0019576 seems to solve the problem,
But that effectively disables CSP al together which seems a bit drastic.

In config_inc.php
$g_custom_headers = array( 'Content-Security-Policy:' );

DokuWiki integration is used on this tracker, and I have never noticed issues related to CSP.

Can you be more explicit about what the problem is, the errors you're getting, etc. Information about your setup / config may also be useful.

DokuWiki integration is used on this tracker, and I have never noticed issues related to CSP.

Maybe no obvious issues, but errors in browser console like the following one, e.g. when opening http://www.mantisbt.org/wiki/doku.php?id=mantisbt:issue:23635

Content Security Policy: Die Einstellungen der Seite haben das Laden einer Ressource auf self blockiert ("script-src https://cdnjs.cloudflare.com http://www.mantisbt.org http://ajax.googleapis.com http://maxcdn.bootstrapcdn.com http://cdnjs.cloudflare.com"). Source: (function(H){H.className=H.className.rep....

I was referring to other errors.

See also http://www.mantisbt.org/forums/viewtopic.php?f=3&t=25114

I expect that the problem lies in some of the extensions used on DokuWiki ( like IndexMenu plugin ).
We would not show the errors to our customers ( they will be ask us all kind of questions about it ;-(

What is an effective way to disable CSP for DokuWiki? But not for MantisBT )

No time to have a deeper look and to try myself, just a guess.
@dregad, maybe we need some extension to function http_security_headers()
Something like

if( config_get_global( 'wiki_enable' ) == ON) {
    $t_url = config_get_global( 'wiki_engine_url' );
    http_csp_add( 'style-src', "$t_url" );
    http_csp_add( 'script-src', "$t_url" );
    http_csp_add( 'img-src', "$t_url" );
}

Thanks @atrol. I can reproduce the behavior.
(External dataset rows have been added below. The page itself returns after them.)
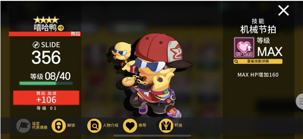 另外,之前说到的可练可不练,练了最好的1★梦琪。其作用是当你SLIDE位置没有加固定分偶像的时候,可以SLIDE位置上梦琪,TAP位置换成加分的卡。同理,FLICK位置也可以用其他分卡来替换,这个时候你如果有梦琪,挂机组合的搭配就会更加的灵活和多元。可能有人要问,这样那我就没有蜂蜂加血了。这好办,你SLIDE练个嘻哈鸭,或者TAP练一个多明戈(那只白熊)就可以了,加的HP也不老少,足够你全MISS撑过绝大部分的简单~困难,及部分专家歌曲。
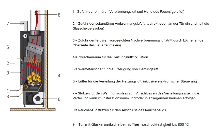 Im Zwischenraum zwischen Feuerraum und Verkleidung zirkuliert von außen zugeführte Luft, die durch die Basis eintritt, sich beim Kontakt mit den Wänden erwärmt und in den Wohnraum austritt.
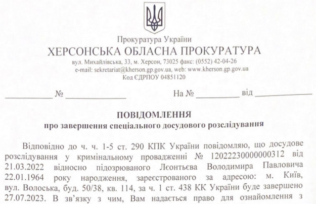 Поліція завершила розслідування щодо гауляйтера Нової Каховки
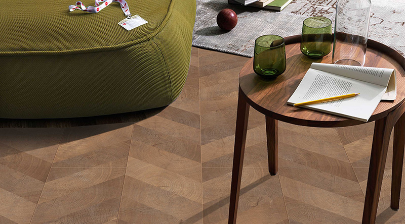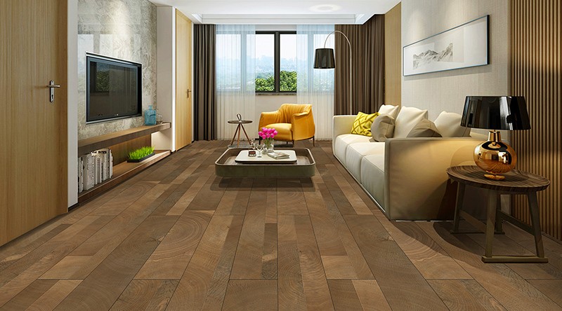 設計理念:?托斯卡納胡桃魚骨地板飾面,包涵著托斯卡納風格的精髓。設計注重對紋理、拼排和顏色塊面的靈感性運用。深淺不一的胡桃拼塊交叉拼排,產生一種節奏感的視覺效果,給人一種強烈的永恒與威嚴感。
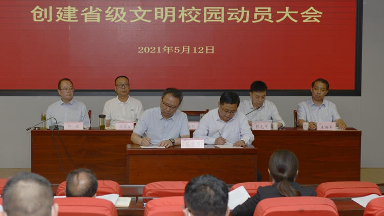 為扎實開展省級文明校園工作,充分營造人人知曉創(chuàng)建、人人支持創(chuàng)建、人人參與創(chuàng)建的良好氛圍,確保各項創(chuàng)建工作任務(wù)高質(zhì)量高標(biāo)準(zhǔn)落實,5月12日,我校召開創(chuàng)建省級文明校園動員大會。校黨委書記、創(chuàng)建省級文明校園工作領(lǐng)導(dǎo)小組組長龍治剛作動員講話,黨委副書記、創(chuàng)建省級文明校園工作領(lǐng)導(dǎo)小組副組長、辦公室主任彭虎軍主持大會并對創(chuàng)建工作進(jìn)行安排部署。全體校領(lǐng)導(dǎo),創(chuàng)建省級文明校園工作領(lǐng)導(dǎo)小組成員及全體副處級以上干部參加大會。
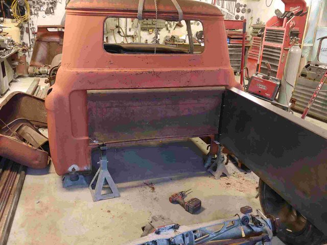We dropped the cab onto the frame to check placement and ride height. Because of the shape of the fender cutout, as you lower the ride height the wheel needs to move forward to look centered. You can see what I"m referring to in this photo. https://i.postimg.cc/zXmvqrDg/IMG-2185.jpg But, because we are making a custom bed I think we can move the cab back a touch to center the wheel. Then we can place the rear fenders where we want them on the bedsides and just shorten the steps as needed. So, for anyone reading along, Jason56 is correct. 113" wheel base will be short if you are planing to use stock bed sides. |
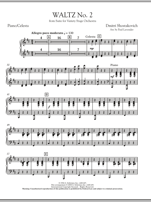 Shostakovich's waltz has become an international icon, made popular by artists like Andre Rieu and recently heard prominently in Stanley Kubrick's final film, Eyes Wide Shut. Taken from Shostakovich's Suite for Variety Orchestra, Paul Lavender's skilled adaptation is ideally suited for string orchestra, for both serious and light programming.

The DokuWiki integration has 2 parts:

• Mantis -> DokuWiki
• DokuWiki -> Mantis

I believe the problem is with the second case, more specifically the single sign-on integration, because it basically works by requiring core.php and calling several Mantis APIs (see https://mantisbt.org/wiki/doku.php/mantisbt:issue:8253#authentication_single_sign-on).

@TomR, which version of DokuWiki are you using, and do you have any particular plugins ?

Hi @dregad,

I use Release 2017-02-19e "Frusterick Manners"

And have indeed a lot of plugins.
And i guess that for sure plugin Indexmenu plugin is giving the CSP errors.

However I also found out there is a CSPHeader plugin.
I installed it, and configured it, and now the CSP errors are gone.
Only problem is that I am not into CSP, so I do not know if i disabled CSP totally which is not recommended.

@TomR with the plugins I use, I found it sufficient to change the following settings:

• plugin»cspheader»enableHeader - checked
• plugin»cspheader»allowValue - 'self'
• All other options unchecked or blank

I strongly recommend not to check optionsEval, andoptionsInline if you can avoid it - this is where the biggest security risk resides.

Resolving this issue, since a working solution exists with the DokuWiki cspheaders plugin. Note that despite the warning, the plugin works just fine with the latest version of DokuWiki (2017-02-19e "Frusterick Manners" as of this writing).

Refer to my earlier note 0023635:0058657 for minimal settings to fix the problem.

For the record, the cspheader plugin has been updated so there is no longer a warning, and the authmantis plugin's setup page now includes recommended CSP configuration.